### WHAT TO PRODUCE
The pictures are to be left out when the listing below is reproduced word for word.

### DATA PROVIDED
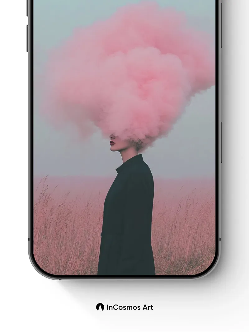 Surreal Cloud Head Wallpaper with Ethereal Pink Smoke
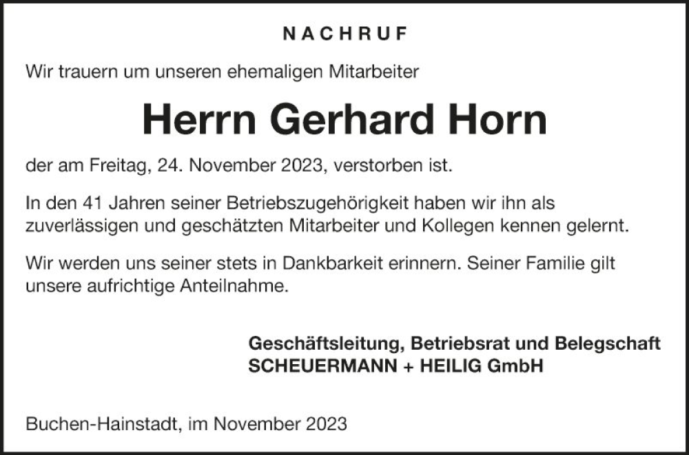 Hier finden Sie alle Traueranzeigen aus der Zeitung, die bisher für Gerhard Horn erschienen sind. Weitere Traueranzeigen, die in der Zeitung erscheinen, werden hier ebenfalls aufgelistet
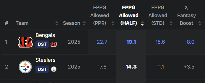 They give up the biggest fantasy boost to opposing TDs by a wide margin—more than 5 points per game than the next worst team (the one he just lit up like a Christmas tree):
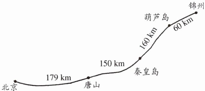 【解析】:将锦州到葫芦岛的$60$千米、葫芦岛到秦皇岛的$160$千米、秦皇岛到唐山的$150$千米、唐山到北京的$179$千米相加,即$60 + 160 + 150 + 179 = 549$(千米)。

### THE COMPLETED TASK
 Surreal Cloud Head Wallpaper with Ethereal Pink Smoke
 Hier finden Sie alle Traueranzeigen aus der Zeitung, die bisher für Gerhard Horn erschienen sind. Weitere Traueranzeigen, die in der Zeitung erscheinen, werden hier ebenfalls aufgelistet
 They give up the biggest fantasy boost to opposing TDs by a wide margin—more than 5 points per game than the next worst team (the one he just lit up like a Christmas tree):
 【解析】:将锦州到葫芦岛的$60$千米、葫芦岛到秦皇岛的$160$千米、秦皇岛到唐山的$150$千米、唐山到北京的$179$千米相加,即$60 + 160 + 150 + 179 = 549$(千米)。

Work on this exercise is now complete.